Снова короткая пауза, потом ответ, на полном серьезе.
— Мне кажется, для этого нет никаких оснований, если только один из нас не испытывает чувства, что ему еще какое-то время не хочется видеть другого. Я думаю, иногда такое случается. Вы чувствуете что-то похожее, Джейк?
— Дайте-ка мне подумать, — сказал я рассудительно и тоже немного помолчал. — Мне кажется, вы абсолютно правы, когда ставите под вопрос валидность социальных условностей, вроде этих самых промежутков времени между визитами, поскольку нельзя не признать одного непреложного факта, а именно: все они в конечном счете не имеют никакого рационального обоснования.

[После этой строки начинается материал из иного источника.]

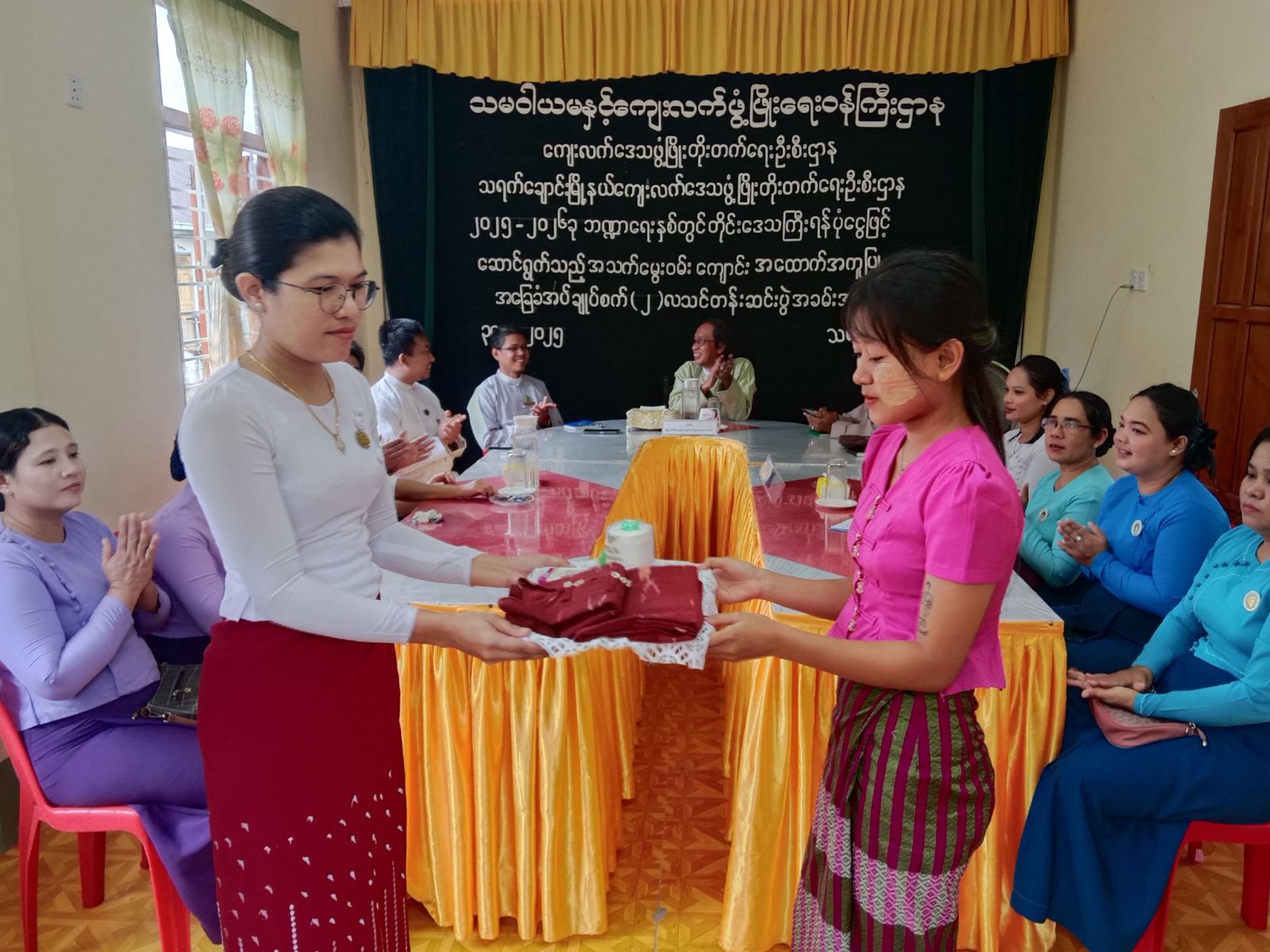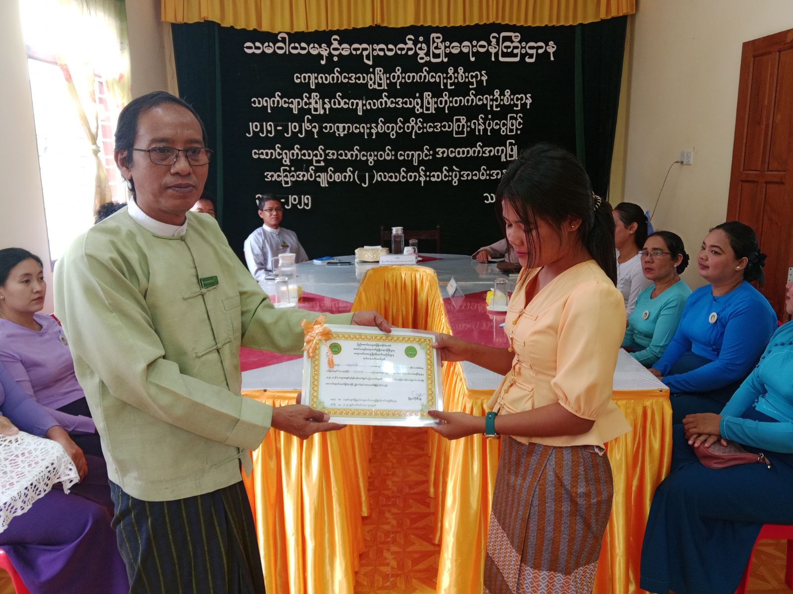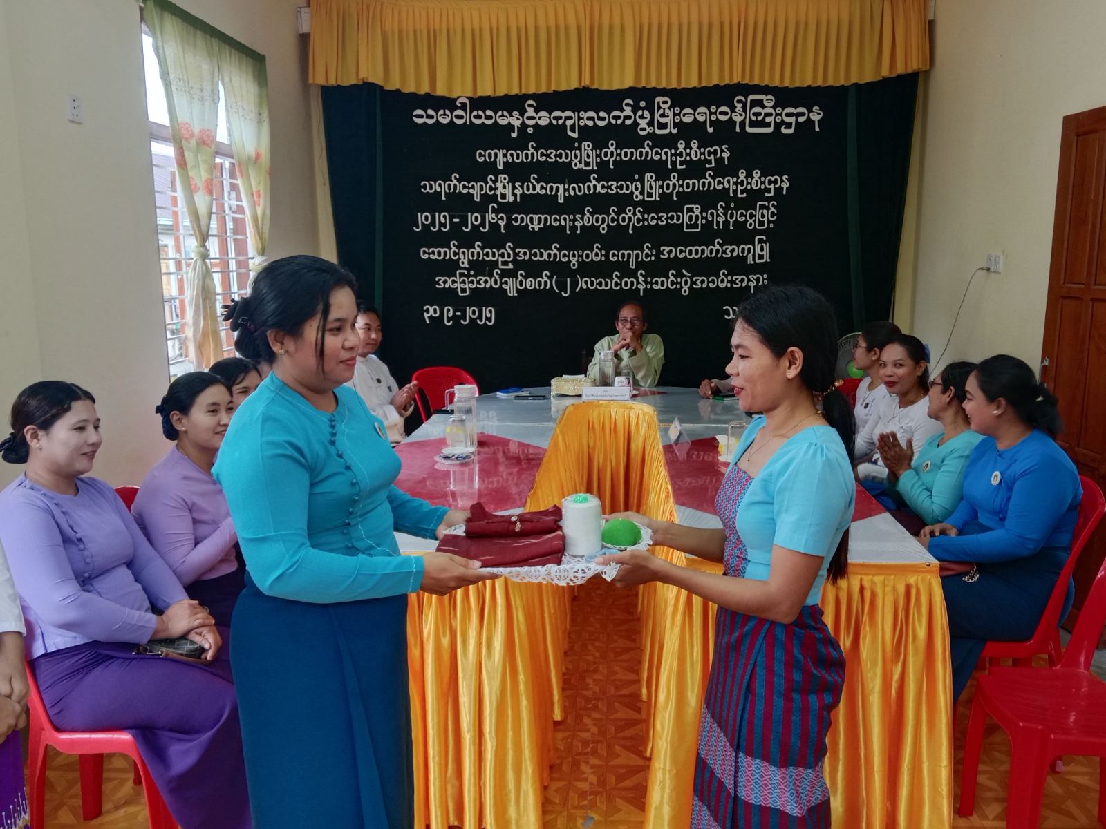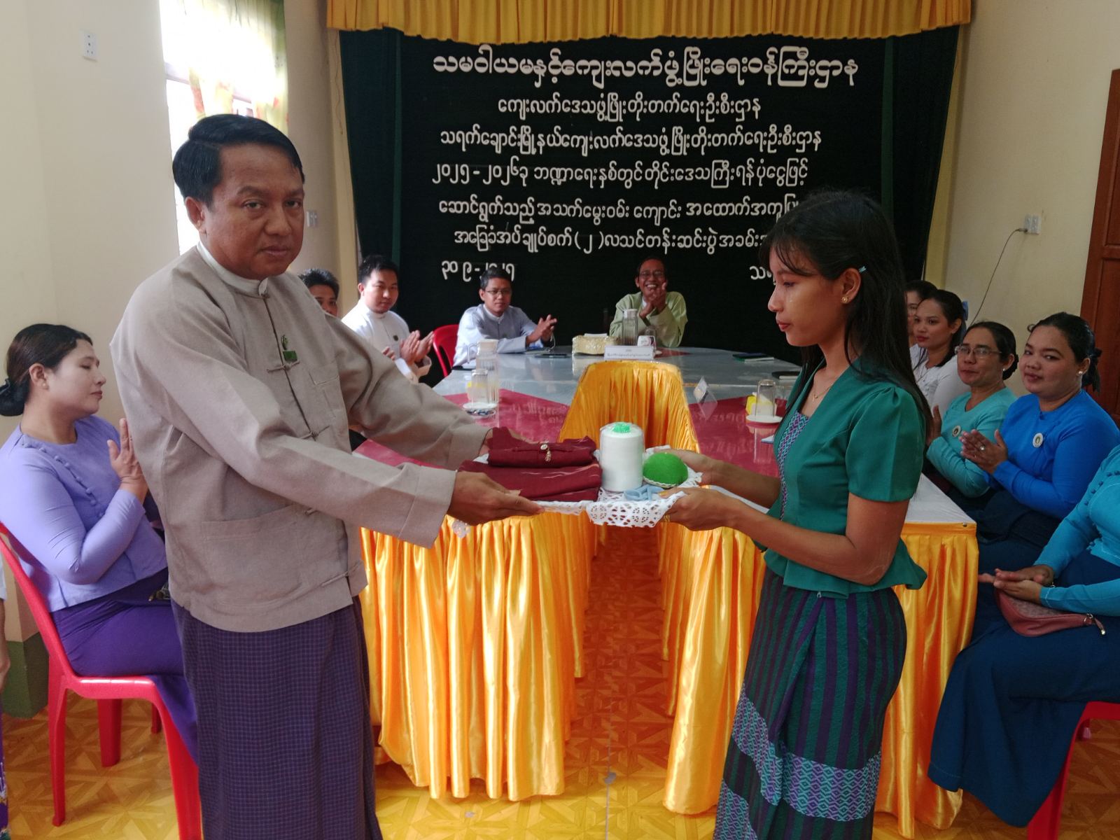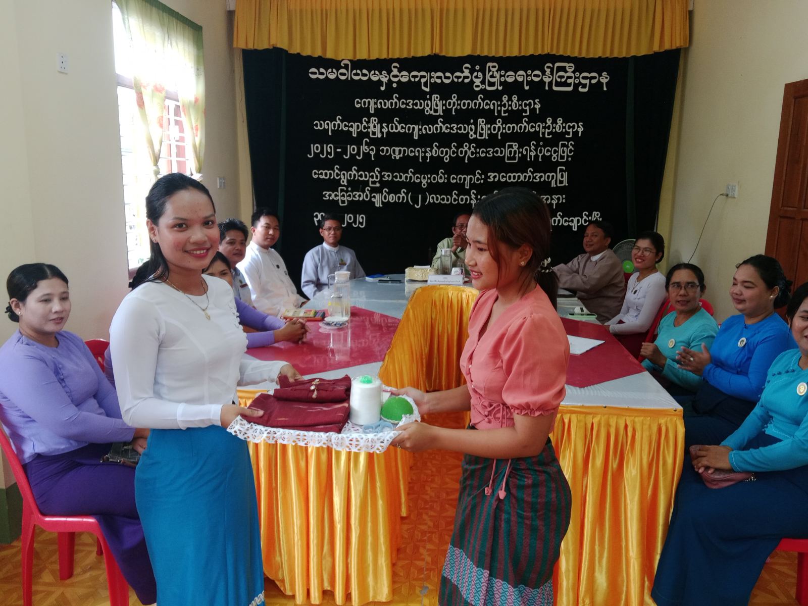 ထို့နောက် သရက်ချောင်းမြို့နယ်၊ စီမံခန့်ခွဲရေးနှင့်အုပ်ချုပ်ရေးကော်မတီဥက္ကဋ္ဌ ဦးအောင်မြင့်သိန်းနှင့် တာဝန်ရှိသူများက သင်တန်းဆင်းလက်မှတ်များနှင့် သင်တန်းသူများချုပ်လုပ်ထားသော အဝတ်အထည်များကို သင်တန်းသူများအား ပေးအပ်ပြီးသင်တန်းသူများအားလုံး ကိုယ်စား သင်တန်းသူတစ်ဦးမှ အဆိုပါသင်တန်းကိုဖွင့်လှစ်ပေးသော ကျေးလက်ဒေသဖွံ့ဖြိုးတိုးတက်ရေးဦးစီးဌာနမှ တာဝန်ရှိသူများနှင့် သင်တန်းနည်းပြဆရာမအား ကျေးဇူးတင်စကားပြောကြားခဲ့သည်။

Но из этого не следует, что если некая вещь не имеет рационального обоснования, то она лишена всякой ценности. И нужно иметь в виду, что отказ от условностей, даже самых идиотских, всегда заключает в себе некий риск — вы можете вдруг оказаться во власти беспричинного чувства вины, просто потому, что условности склонны оставаться условностями. Возьмем, к примеру, привычку пить пиво за завтраком, или ездить ночью на красный свет, или совершать адюльтер с одобрения вашего собственного мужа, или практиковать эвтаназию…
— Вы смеетесь надо мной? — спокойно спросила Ренни, как если бы ее интересовала исключительно информативная часть ответа.
— Как вы догадались?
— Знаете, мне кажется, что в большинстве случаев один человек высмеивает другого потому, что ощущает неудобство от несовпадения взглядов и не знает при этом, как взгляды этого другого можно опровергнуть. Он чувствует, что должен знать, но не знает, и вместо того чтобы признаться в этом самому себе, вникнуть в проблему и найти убедительные возражения, просто смеется над аргументами противной стороны. Это слишком легко — смеяться над аргументами. И — я так чувствую — к вам это в немалой степени относится, Джейк.
— Ага. Вот и Джо говорил то же самое.
— Вот теперь вы точно надо мной смеетесь, правда? Я был полон решимости не позволить миссис Ренни Морган еще раз поставить меня в дурацкое положение. Это было и впрямь несложно.
— Послушайте, я буду сегодня у вас и съем этот ваш обед. Я приеду в шесть часов, после того как вы уложите детей спать, я ничего не перепутал?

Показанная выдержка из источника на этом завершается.